= YOUR INSTRUCTIONS =
Repeat the span of the entries below that starts at the line with "Each piece begins" and ends at the line with "男性向けラノベタイトル風あだ名 | 『あうれうすという概念が存在しない退屈な世界 』 |", nothing more. Skip the pictures.

Excerpts from a dataset:
= Beginning of Section =

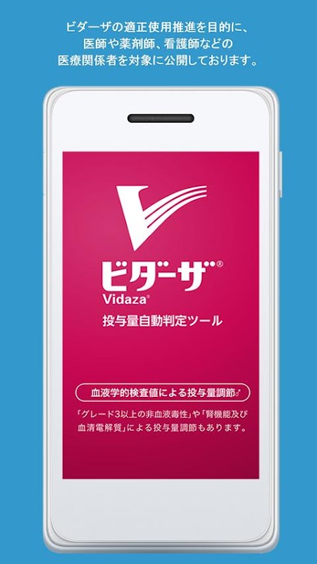 本アプリは、ビダーザの適正使用推進を目的に、医師や薬剤師、看護師などの医療関係者を対象に公開しております。
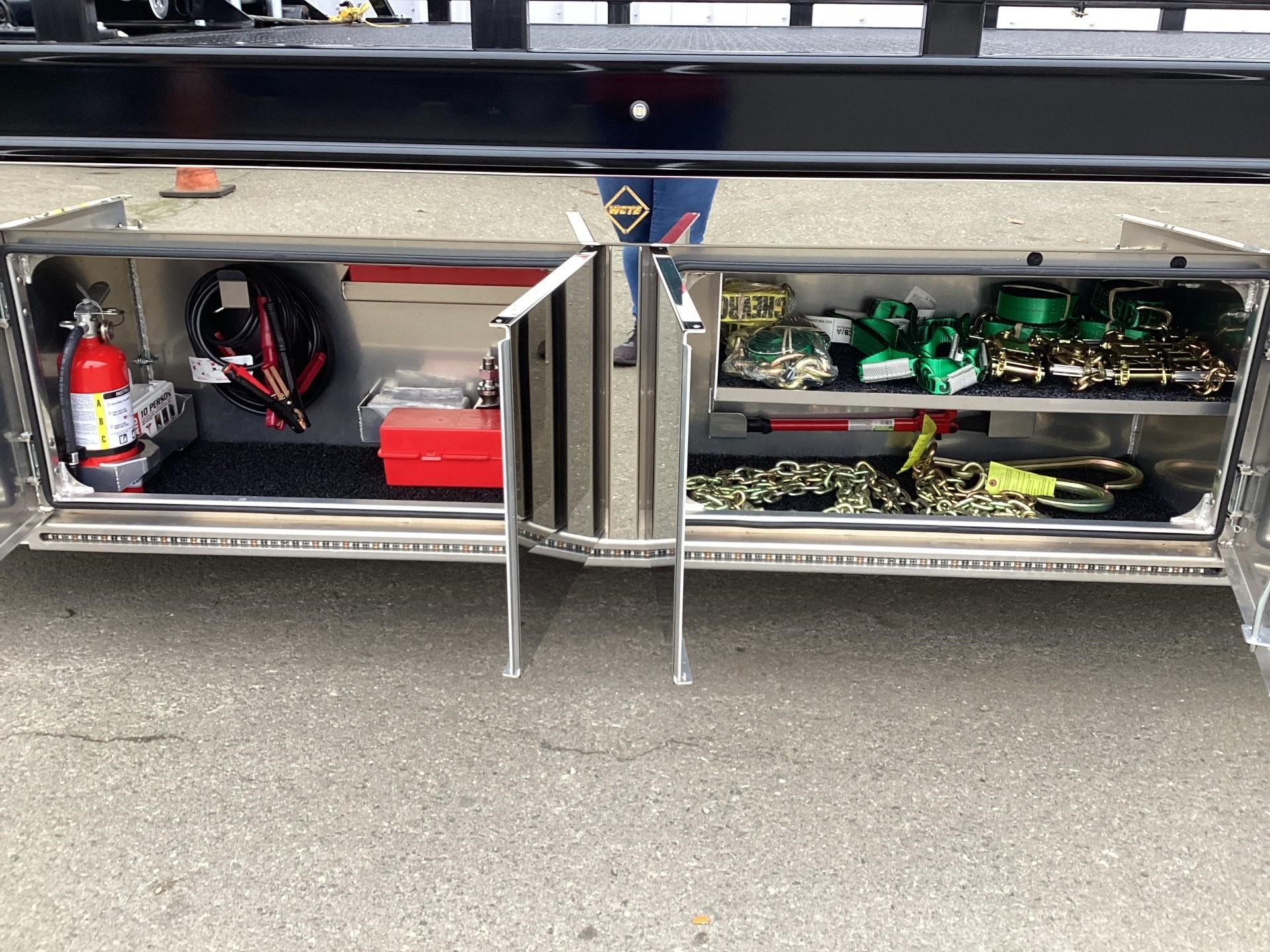 Chevron LCG 12 21.5' Steel LCG (Low Center of Gravity) Carrier w/ Wheel Lift, 3/16 Deck Plate, 2x2 Corten Tube Crossmembers on 8 inch Centers, (4) Rear Chain Locks, (2) Front Chain Locks, (6) Floor Plate Chain Locks (3 per side), 8K Ramsey winch, 3/8" x 50' Winch Cable, Illuminated Dual Controls, FMVSS 108 Lamp Group Shock Mounted Lighted, Direct Mount Pump, Cable Roller Guide w/ Tensioner, Winch Free Spool Extension, Back-Up Alarm, (2) Safety Chains, Mechanical Anti-tilt, Black Body Paint, 102" Wide Body, Inboard Tilt Cylinders, Floor Level Roll Formed w/ Punched Stake Pockets, 4,000lb Wheel Lift w/ Releasable L Arms, Fully Hydraulic Wheel Lift, (2) Safety Straps & Ratchets, (2) Rear Safety Chains, Body Lock w/ Nylatron roller Bearings, & 12,000lb Deck Load Rating, Body Serial #
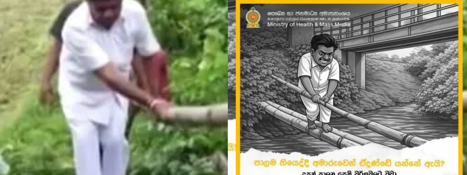 Social media users claimed the illustrated figure bore a resemblance to Opposition Leader Sajith Premadasa, who was previously photographed crossing a makeshift plank bridge during a public event.
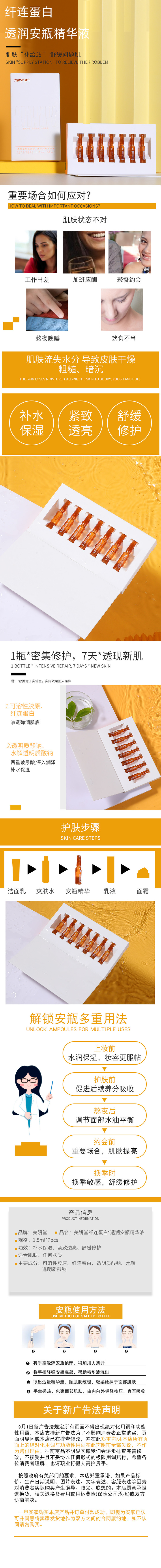 美妍堂纤连蛋白·透润安瓶精华液 1.5ml*7支/盒 最新上市产品 安瓶精华
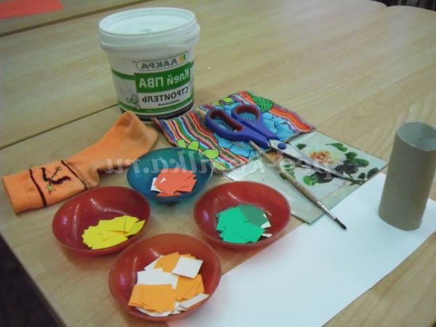 Для рук беремо білі смужки і кольорові квадратики, з яких вирізаємо рукавиці.
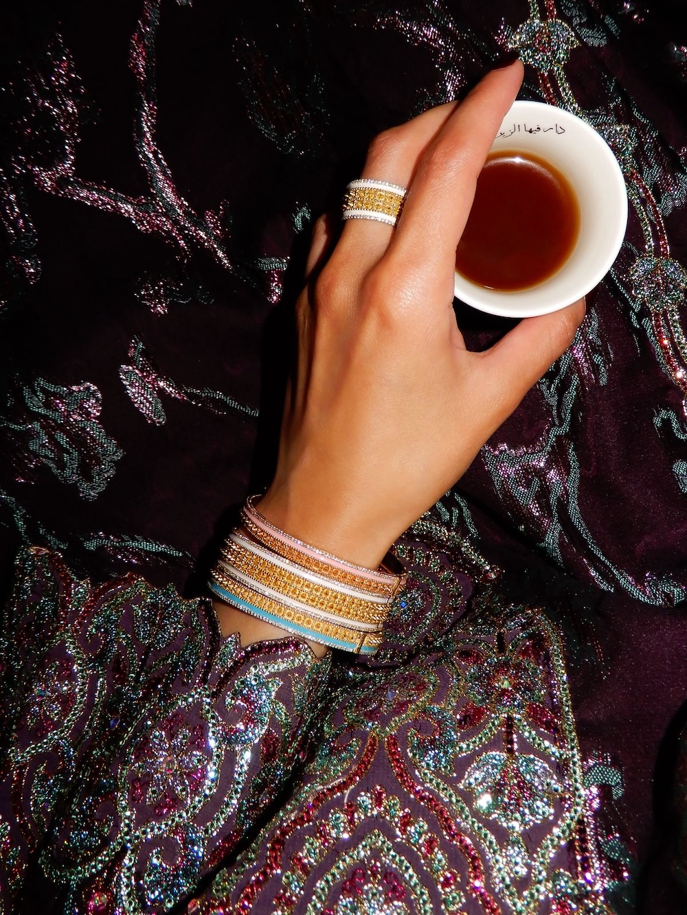 Each piece begins as a painting, translating colour, texture and emotion into form. The result feels layered, expressive, and slightly unexpected. There’s no attempt to fit within traditional ideas of fine jewellery, and that’s exactly where its strength sits.
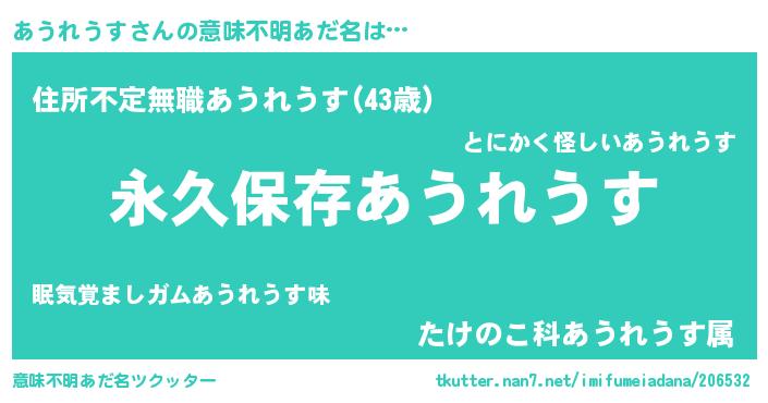 | 男性向けラノベタイトル風あだ名 | 『あうれうすという概念が存在しない退屈な世界 』 |
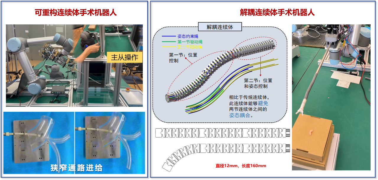 聚焦具有高灵活度与适应性的连续体机器人开展深入研究:研发面向介入手术的微细可重构连续体机器人,实现亚毫米级介入定位;腹腔/胸腔手术的解耦连续体机器人实现灵活操作;具有形状感知的工业检测柔性机器人以及基于二维层叠结构的驱感控一体连续体等。相关研究成果已发表多篇SCI一区文章,并获中国研究生机器人创新设计大赛“集成组”二等奖等奖项。
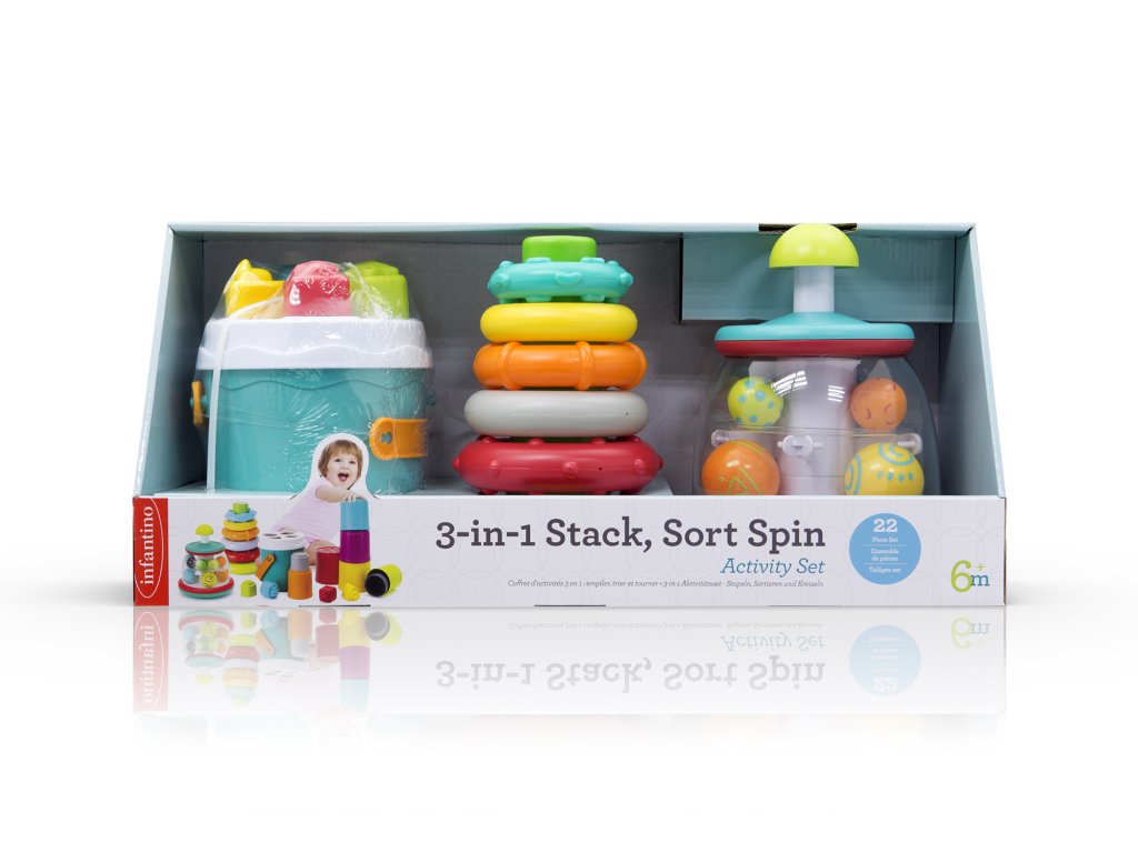 Infantino Sada hraček 3v1 Stack, Sort & Spin
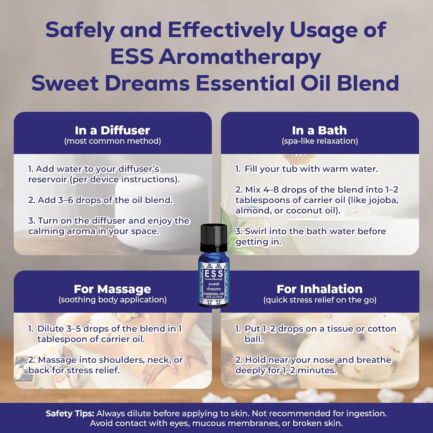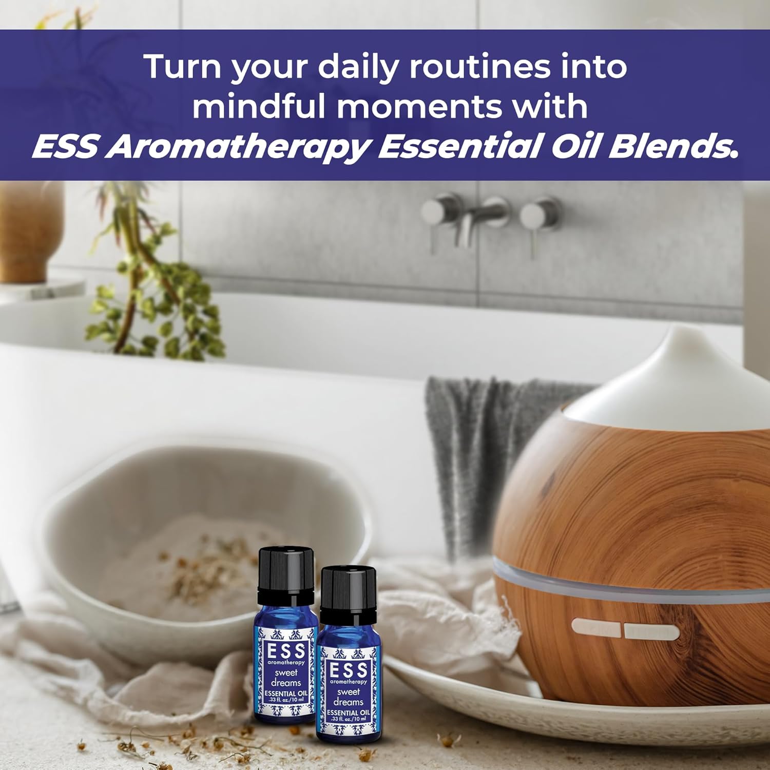 Create a peaceful and relaxing atmosphere with ESS Aromatherapy Essential Oil Blend – Sweet Dreams. This soothing blend is crafted with pure, natural essential oils to promote relaxation and help prepare your mind and body for a restful night’s sleep. Ideal for diffusing or using in a warm bath, the Sweet Dreams blend helps ease away the stress of the day with its calming and tranquil aroma. The convenient .33-ounce bottle is perfect for travel or bedside use, allowing you to enjoy a peaceful sleep environment wherever you are. Perfect for those looking to incorporate aromatherapy into their bedtime routine, this essential oil blend can be used with diffusers, humidifiers, or diluted with a carrier oil for direct application. Embrace the power of natural relaxation with the ESS Sweet Dreams Essential Oil Blend.

= End of Section =

= FINAL ANSWER =
 Each piece begins as a painting, translating colour, texture and emotion into form. The result feels layered, expressive, and slightly unexpected. There’s no attempt to fit within traditional ideas of fine jewellery, and that’s exactly where its strength sits.
 | 男性向けラノベタイトル風あだ名 | 『あうれうすという概念が存在しない退屈な世界 』 |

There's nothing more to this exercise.